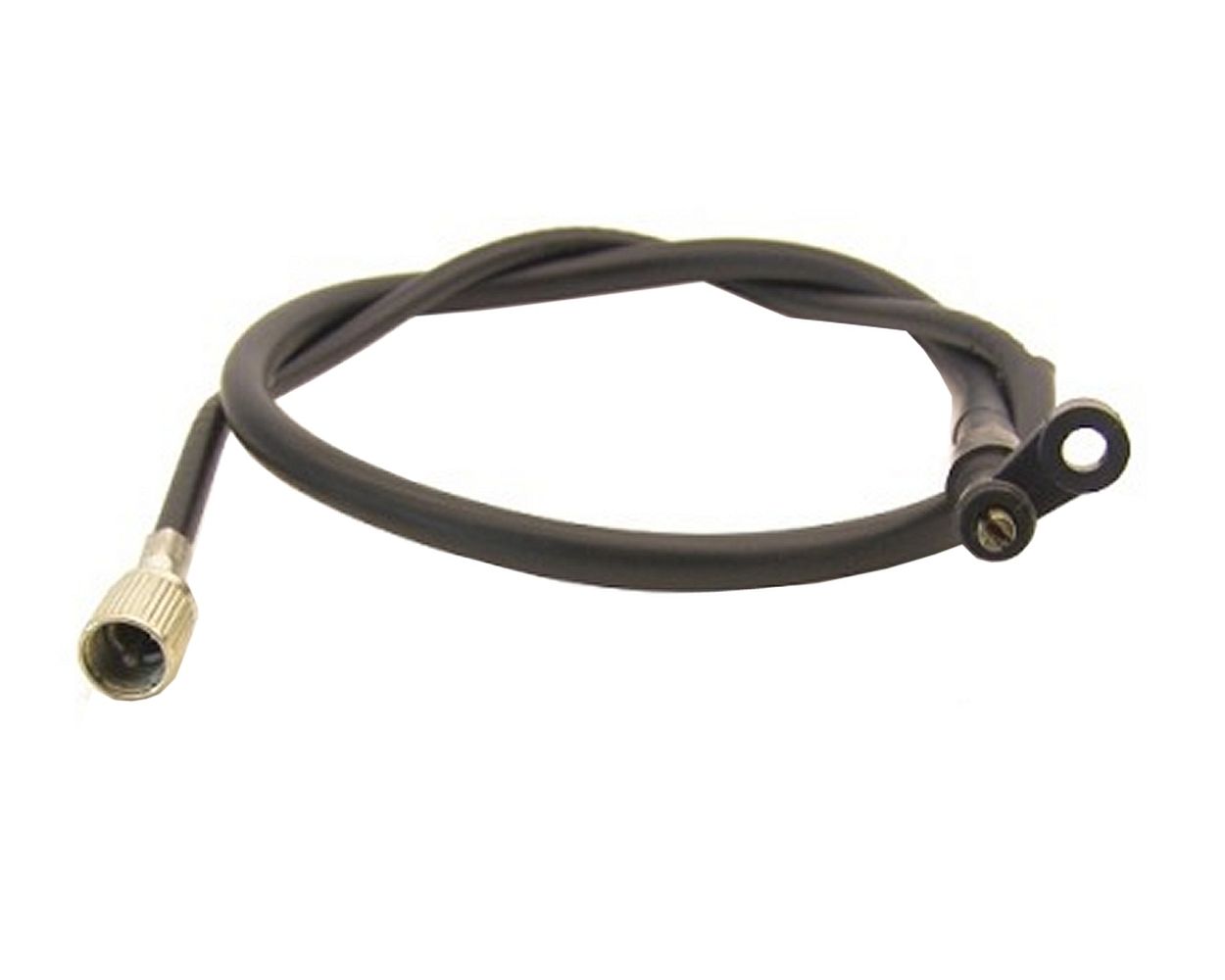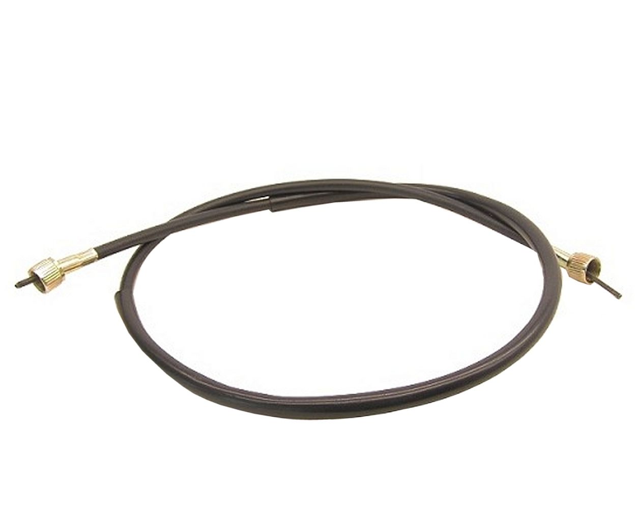 Die Tachowelle wird oben mit einer Überwurfmutter befestigt und hat einen Stift. Unten mit seitlicher Schraubbefestigung.
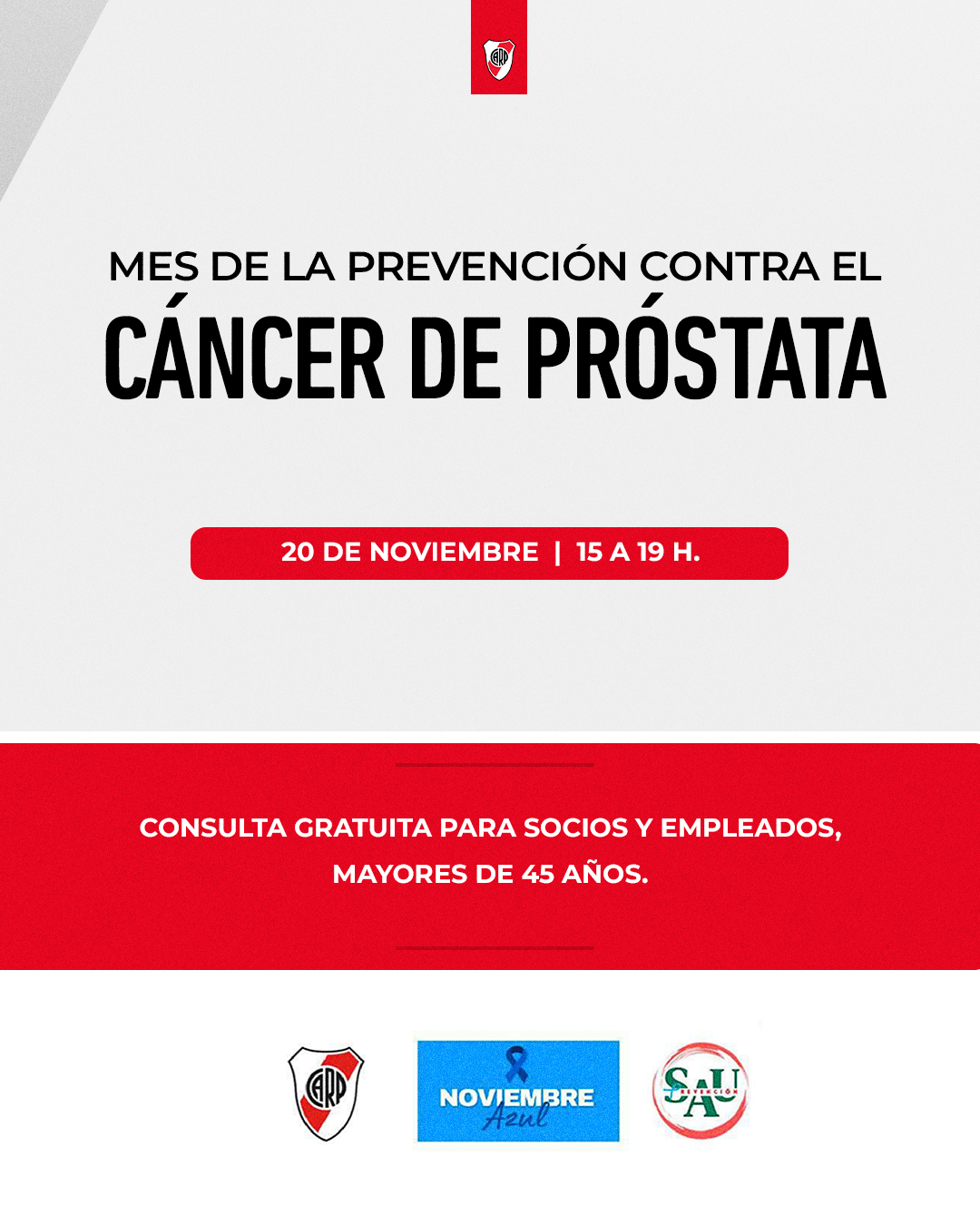 En el marco de los programas de prevención y detección temprana de enfermedades que viene realizando el Departamento Médico de River, esta nueva iniciativa tendrá lugar el jueves 20 de noviembre en las oficinas del Departamento Médico (ubicada en el anillo interno), de 15 a 19.
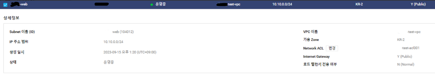 web : 10.10.0.0/24, Internet Gateway는 Y (Public)
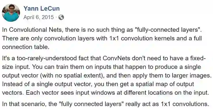 针对 1 x 1 卷积,Yann LeCun 提出了一个非常有趣的角度:「在卷积网络中,不存在像「全连接层」这样的东西,而只有含有一些 1x1 卷积核和 1 个全连接表的卷积层」
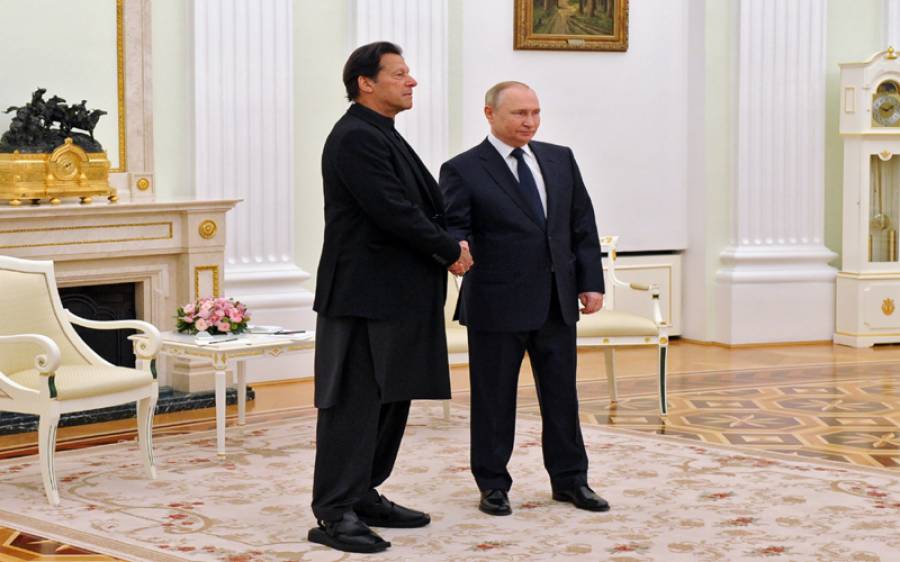 وزیر اعظم عمران خان نے روسی صدر ولادی میر پیوٹن سے جمعرات کو ون آن ون ملاقات کی جس میں معیشت ، تجارت اور توانائی کے شعبوں میں تعاون سمیت دوطرفہ تعلقات، علاقائی و بین الاقوامی امور پر تبادلہ خیال کیا۔ قبل ازیں روسی فیڈریشن کے ایگزیکٹو ہیڈکوارٹرز کریملن پہنچنے پر صدر پیوٹن نے وزیراعظم عمران خان کا پرتپاک استقبال کیا۔ وزیراعظم عمران خان اور روسی صدر نے دوطرفہ تعلقات کے تمام پہلوؤں، دوطرفہ تجارت، معیشت اور توانائی بالخصوص پاکستان اسٹریم گیس پائپ لائن منصوبہ میں تعاون اور علاقائی و بین الاقوامی امور پر بات چیت کی۔ یاد رہے کہ23 سال کے بعد کسی پاکستانی وزیر اعظم کا روس کا یہ پہلا دورہ ہے ۔
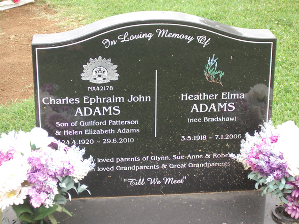 | ADAMS | Charles Ehraim John | photo | 24/04/1920 | 29/06/2010 | son of Guilford Patteerson, parents of Glynn, Sue-Anne & Robert | |||
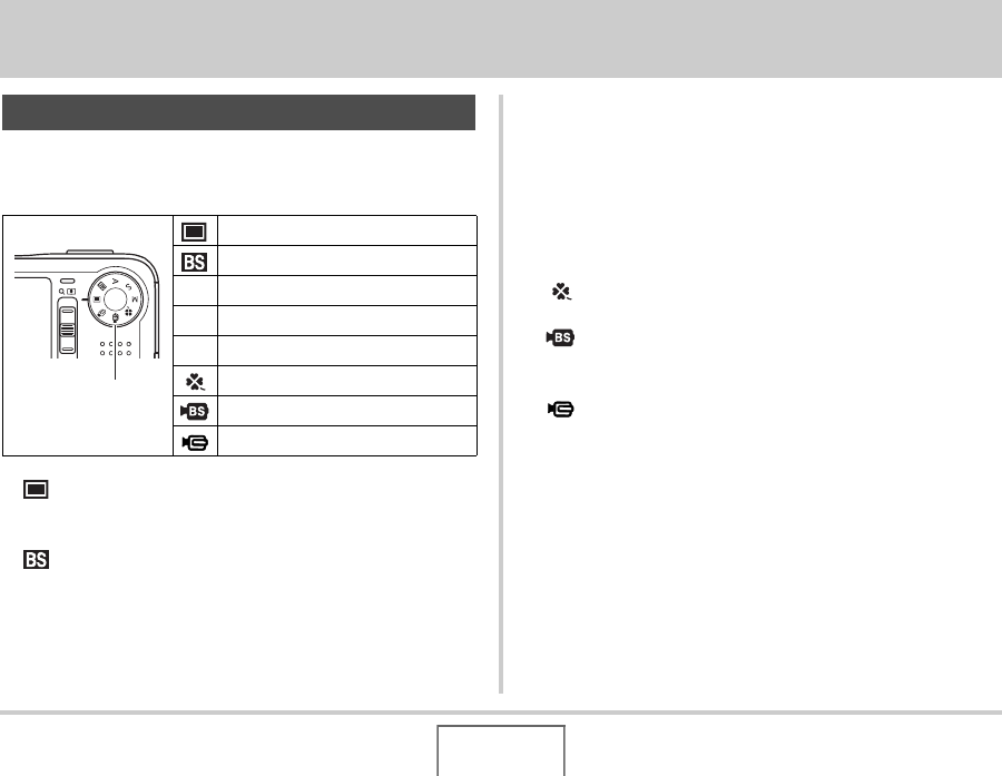 本CASIO數位相機具有⼋種拍攝⽅式, 各種拍攝⽅式說明如下。
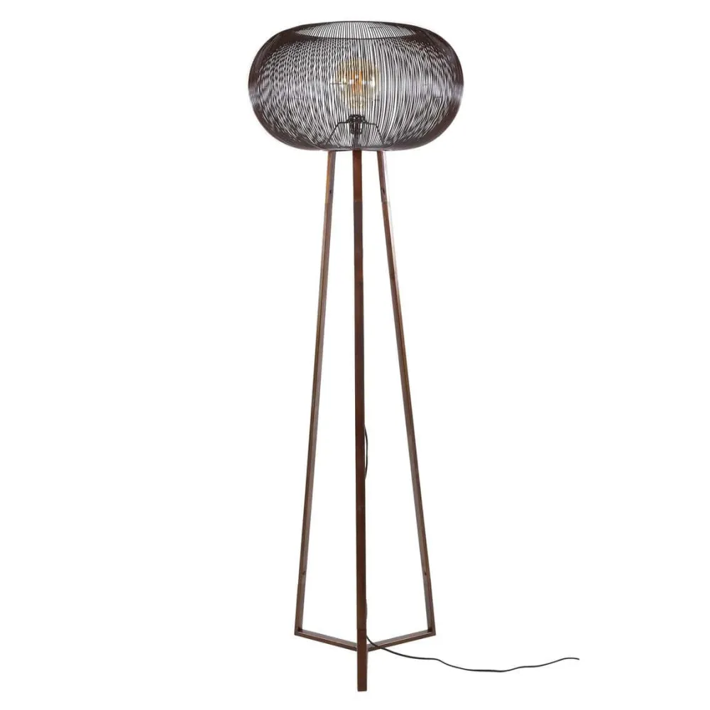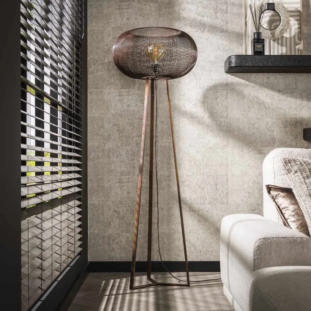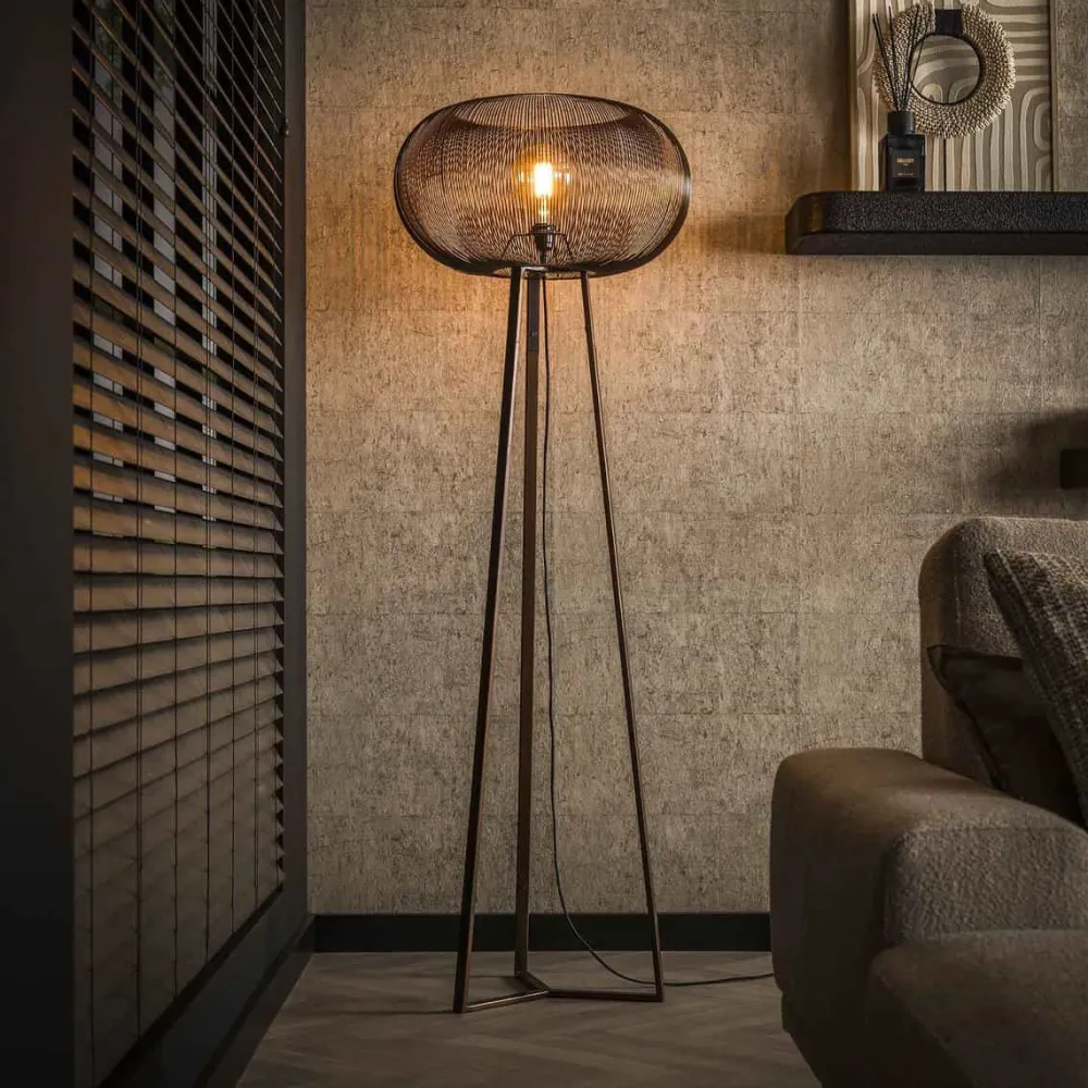Deze trendy vloerlamp Veller is uitgevoerd in metaal. De kap is gemaakt in een disk vorm. Een mooi detail wat verwerkt is in de kap, zijn gouden soldeerplekken. Dit geeft de lamp een heel uniek uiterlijk. Er wordt aanbevolen LED lichtbron filament bol 12.5cm te gebruiken.

> _Aim of the exercise_
From the line containing "本CASIO數位相機具有⼋種拍攝⽅式, 各種拍攝⽅式說明如下。" to the last line of the entries, copy every line exactly, including both ends, and leave out the pictures.

> _Solution to the problem_
 本CASIO數位相機具有⼋種拍攝⽅式, 各種拍攝⽅式說明如下。
Deze trendy vloerlamp Veller is uitgevoerd in metaal. De kap is gemaakt in een disk vorm. Een mooi detail wat verwerkt is in de kap, zijn gouden soldeerplekken. Dit geeft de lamp een heel uniek uiterlijk. Er wordt aanbevolen LED lichtbron filament bol 12.5cm te gebruiken.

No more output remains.